▸ **PROVIDED DATA**:
BEGIN
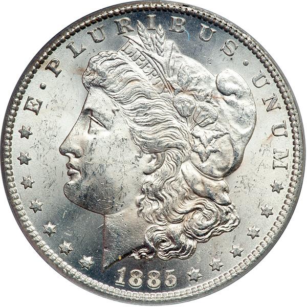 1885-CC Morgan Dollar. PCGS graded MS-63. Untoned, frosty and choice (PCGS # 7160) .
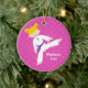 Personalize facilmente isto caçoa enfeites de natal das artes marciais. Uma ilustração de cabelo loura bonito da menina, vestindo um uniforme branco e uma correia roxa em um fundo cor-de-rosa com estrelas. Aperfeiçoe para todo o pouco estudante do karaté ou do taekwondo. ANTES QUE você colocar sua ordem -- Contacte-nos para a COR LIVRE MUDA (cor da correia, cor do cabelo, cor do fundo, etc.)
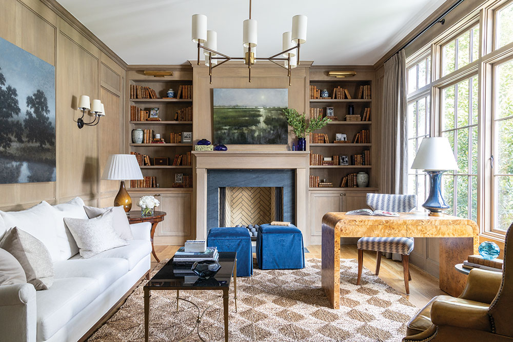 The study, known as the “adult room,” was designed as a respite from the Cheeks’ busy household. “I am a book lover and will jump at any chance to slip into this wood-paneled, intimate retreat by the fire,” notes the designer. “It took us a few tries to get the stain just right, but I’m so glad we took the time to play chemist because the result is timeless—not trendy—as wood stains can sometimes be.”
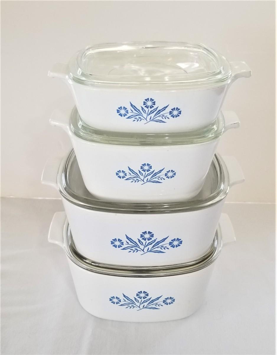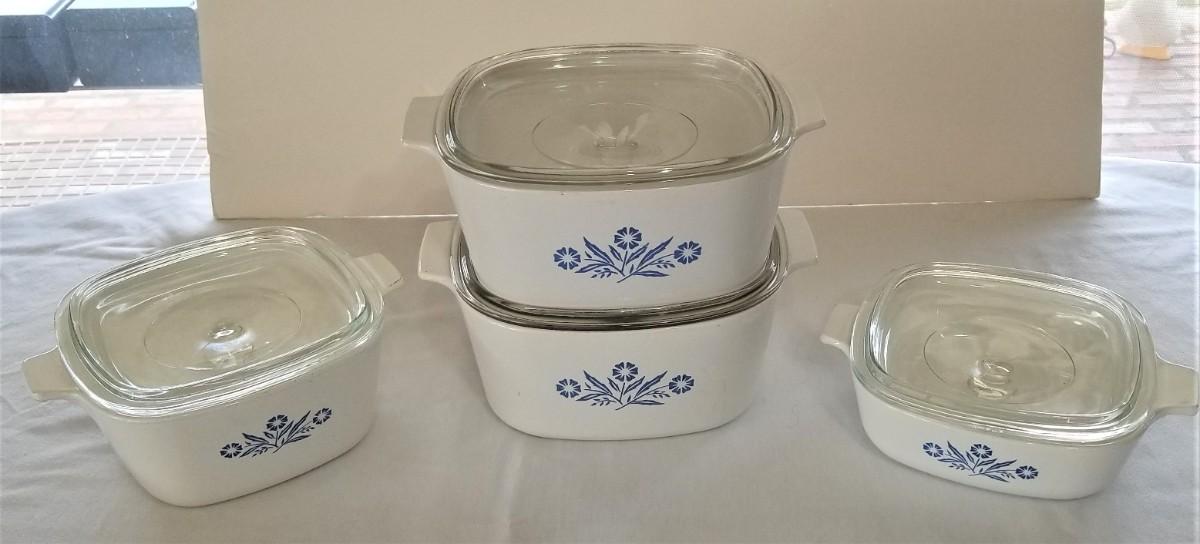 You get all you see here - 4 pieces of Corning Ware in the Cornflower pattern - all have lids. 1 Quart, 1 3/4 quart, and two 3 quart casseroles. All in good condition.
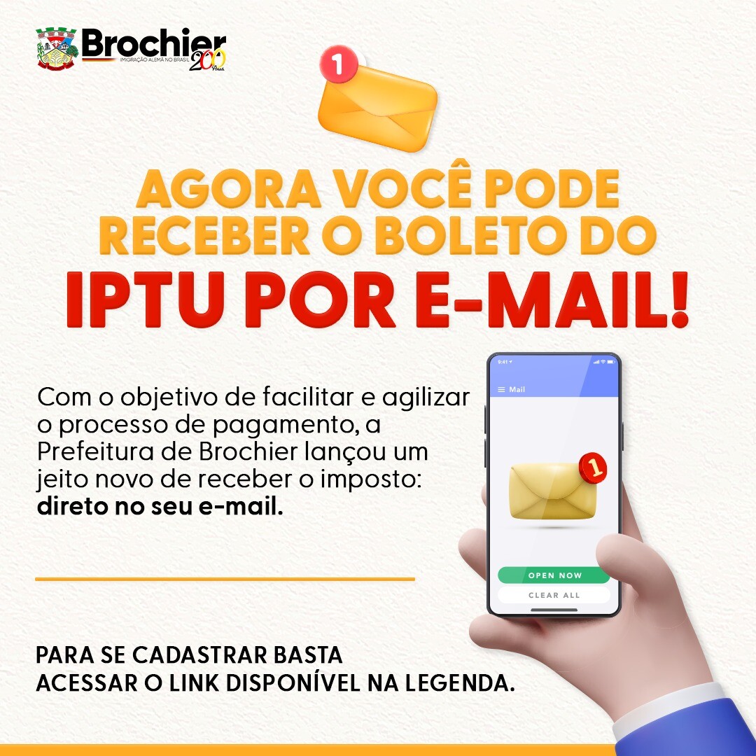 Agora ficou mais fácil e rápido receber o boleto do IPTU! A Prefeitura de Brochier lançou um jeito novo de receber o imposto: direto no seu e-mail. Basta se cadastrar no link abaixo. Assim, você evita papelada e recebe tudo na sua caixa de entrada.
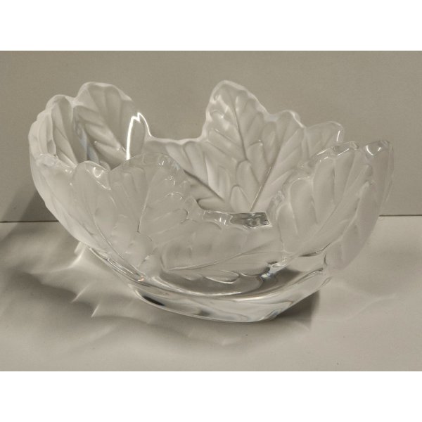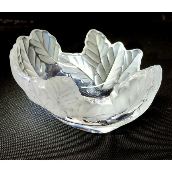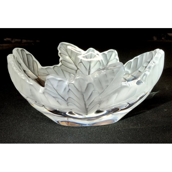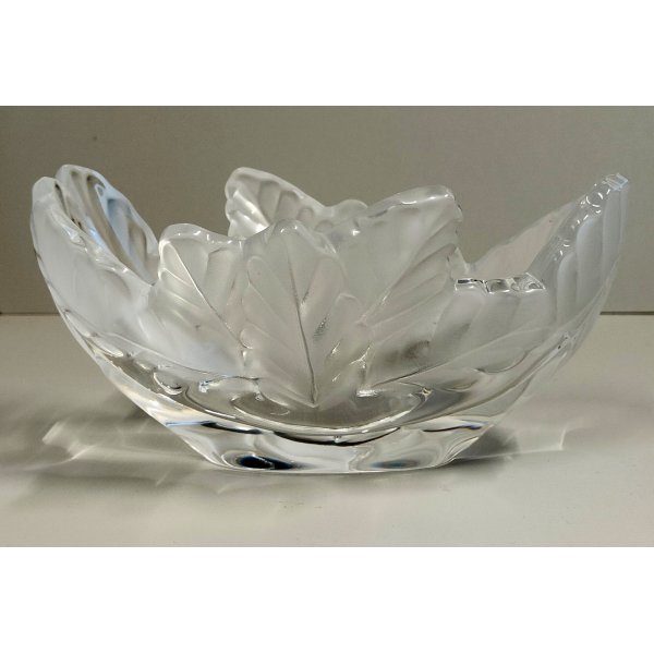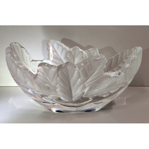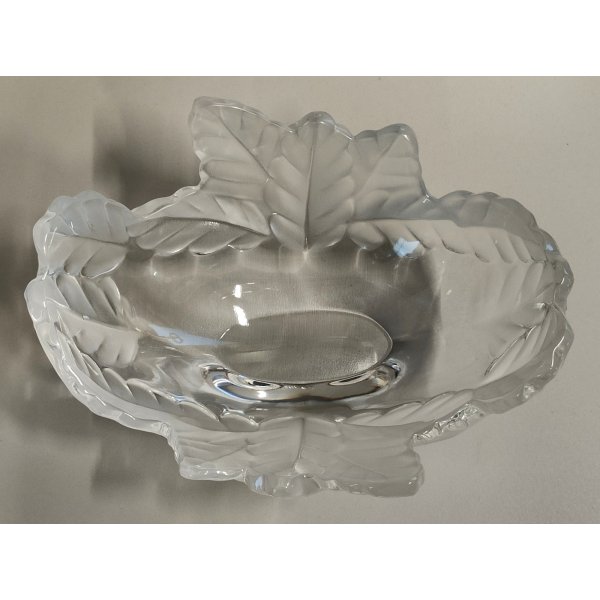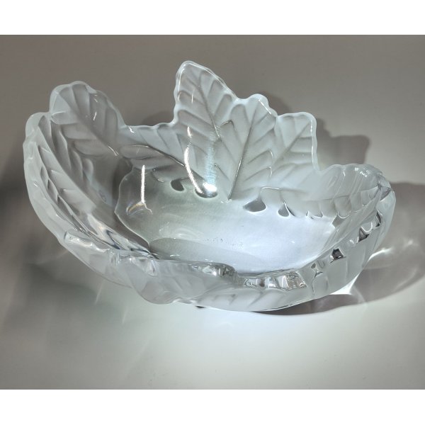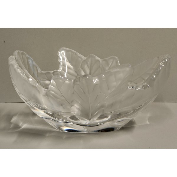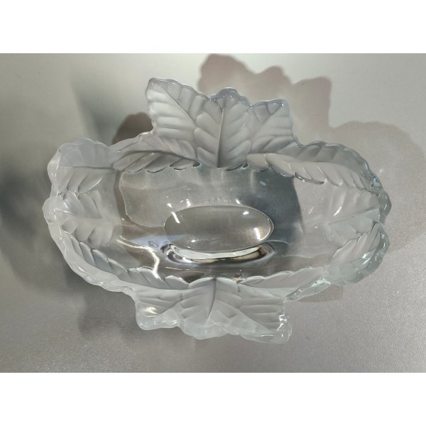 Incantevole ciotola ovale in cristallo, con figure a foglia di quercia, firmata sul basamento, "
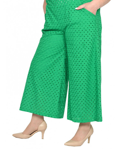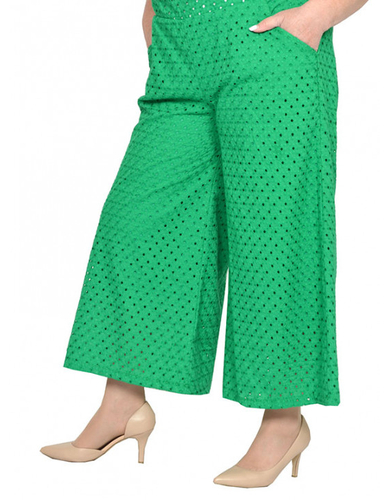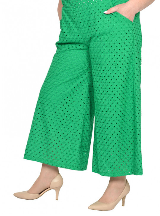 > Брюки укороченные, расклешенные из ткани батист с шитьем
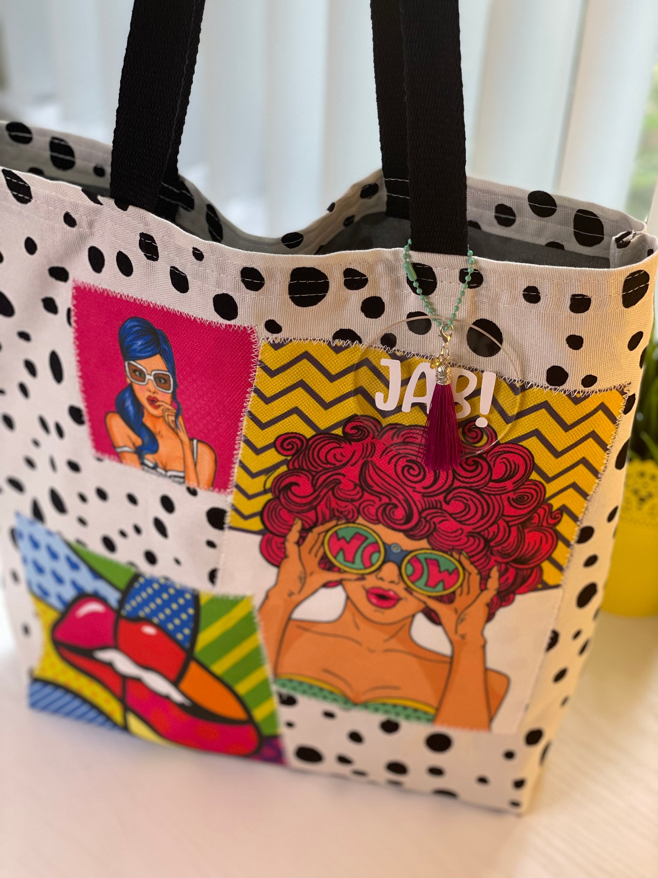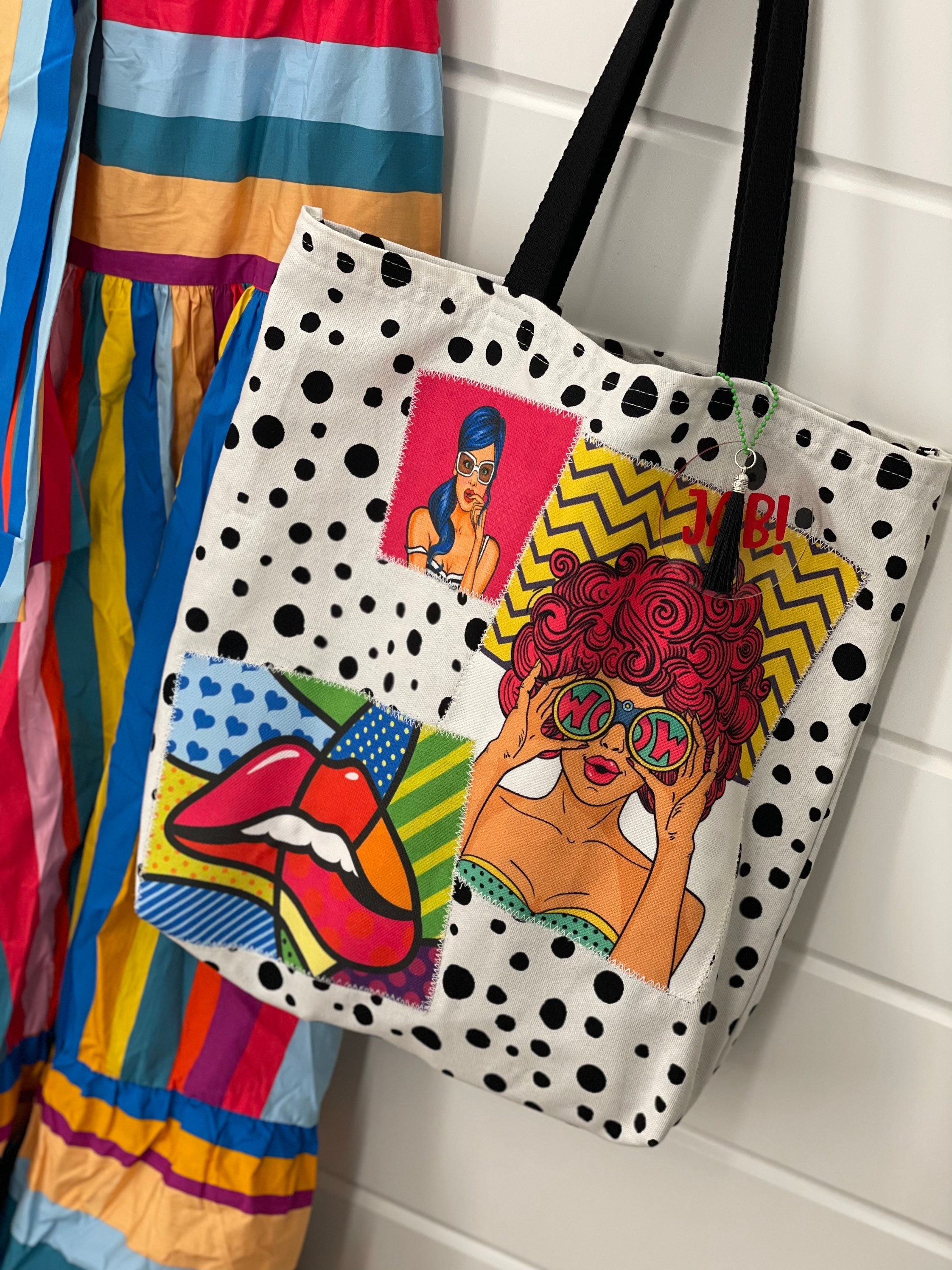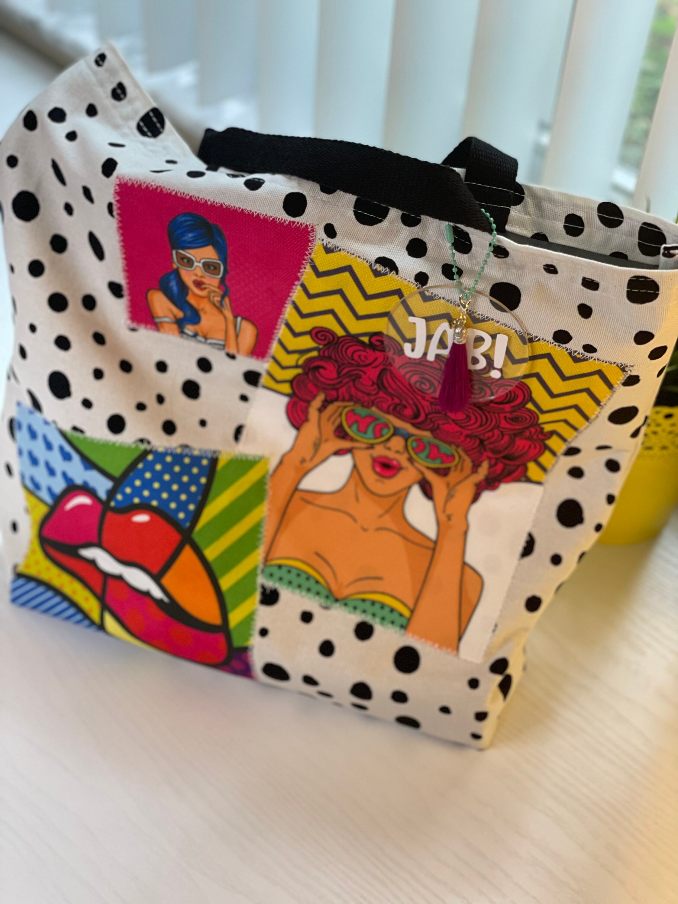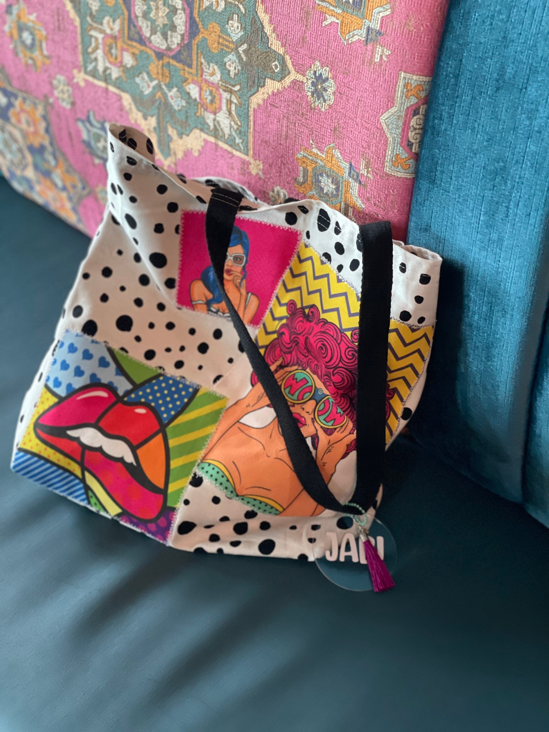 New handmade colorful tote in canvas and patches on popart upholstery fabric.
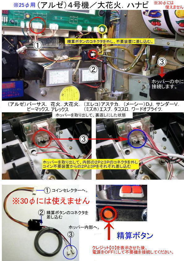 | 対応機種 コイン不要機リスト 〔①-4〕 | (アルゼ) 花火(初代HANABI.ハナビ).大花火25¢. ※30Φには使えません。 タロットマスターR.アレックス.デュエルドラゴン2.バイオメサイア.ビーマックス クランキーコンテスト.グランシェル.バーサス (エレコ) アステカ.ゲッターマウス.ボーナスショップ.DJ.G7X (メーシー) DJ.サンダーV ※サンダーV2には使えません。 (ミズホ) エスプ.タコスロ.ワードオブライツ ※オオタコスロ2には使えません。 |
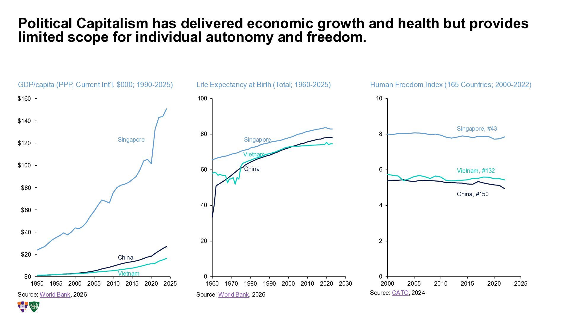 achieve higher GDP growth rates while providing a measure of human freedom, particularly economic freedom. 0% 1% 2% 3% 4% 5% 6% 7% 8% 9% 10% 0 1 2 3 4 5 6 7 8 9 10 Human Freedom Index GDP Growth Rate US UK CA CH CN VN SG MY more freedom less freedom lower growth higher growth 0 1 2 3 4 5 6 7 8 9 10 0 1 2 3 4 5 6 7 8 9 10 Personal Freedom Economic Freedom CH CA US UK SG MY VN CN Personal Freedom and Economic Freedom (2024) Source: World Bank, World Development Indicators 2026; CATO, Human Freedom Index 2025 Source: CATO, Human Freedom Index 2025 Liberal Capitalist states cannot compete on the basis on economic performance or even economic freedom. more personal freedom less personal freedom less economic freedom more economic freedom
END
▸ **WHAT NEEDS TO BE DONE**: Apart from its pictures, the material above should be repeated exactly.

▸ **RESPONSE AREA**:
 1885-CC Morgan Dollar. PCGS graded MS-63. Untoned, frosty and choice (PCGS # 7160) .
 Personalize facilmente isto caçoa enfeites de natal das artes marciais. Uma ilustração de cabelo loura bonito da menina, vestindo um uniforme branco e uma correia roxa em um fundo cor-de-rosa com estrelas. Aperfeiçoe para todo o pouco estudante do karaté ou do taekwondo. ANTES QUE você colocar sua ordem -- Contacte-nos para a COR LIVRE MUDA (cor da correia, cor do cabelo, cor do fundo, etc.)
 The study, known as the “adult room,” was designed as a respite from the Cheeks’ busy household. “I am a book lover and will jump at any chance to slip into this wood-paneled, intimate retreat by the fire,” notes the designer. “It took us a few tries to get the stain just right, but I’m so glad we took the time to play chemist because the result is timeless—not trendy—as wood stains can sometimes be.”
 You get all you see here - 4 pieces of Corning Ware in the Cornflower pattern - all have lids. 1 Quart, 1 3/4 quart, and two 3 quart casseroles. All in good condition.
 Agora ficou mais fácil e rápido receber o boleto do IPTU! A Prefeitura de Brochier lançou um jeito novo de receber o imposto: direto no seu e-mail. Basta se cadastrar no link abaixo. Assim, você evita papelada e recebe tudo na sua caixa de entrada.
 Incantevole ciotola ovale in cristallo, con figure a foglia di quercia, firmata sul basamento, "
 > Брюки укороченные, расклешенные из ткани батист с шитьем
 New handmade colorful tote in canvas and patches on popart upholstery fabric.
 | 対応機種 コイン不要機リスト 〔①-4〕 | (アルゼ) 花火(初代HANABI.ハナビ).大花火25¢. ※30Φには使えません。 タロットマスターR.アレックス.デュエルドラゴン2.バイオメサイア.ビーマックス クランキーコンテスト.グランシェル.バーサス (エレコ) アステカ.ゲッターマウス.ボーナスショップ.DJ.G7X (メーシー) DJ.サンダーV ※サンダーV2には使えません。 (ミズホ) エスプ.タコスロ.ワードオブライツ ※オオタコスロ2には使えません。 |
 achieve higher GDP growth rates while providing a measure of human freedom, particularly economic freedom. 0% 1% 2% 3% 4% 5% 6% 7% 8% 9% 10% 0 1 2 3 4 5 6 7 8 9 10 Human Freedom Index GDP Growth Rate US UK CA CH CN VN SG MY more freedom less freedom lower growth higher growth 0 1 2 3 4 5 6 7 8 9 10 0 1 2 3 4 5 6 7 8 9 10 Personal Freedom Economic Freedom CH CA US UK SG MY VN CN Personal Freedom and Economic Freedom (2024) Source: World Bank, World Development Indicators 2026; CATO, Human Freedom Index 2025 Source: CATO, Human Freedom Index 2025 Liberal Capitalist states cannot compete on the basis on economic performance or even economic freedom. more personal freedom less personal freedom less economic freedom more economic freedom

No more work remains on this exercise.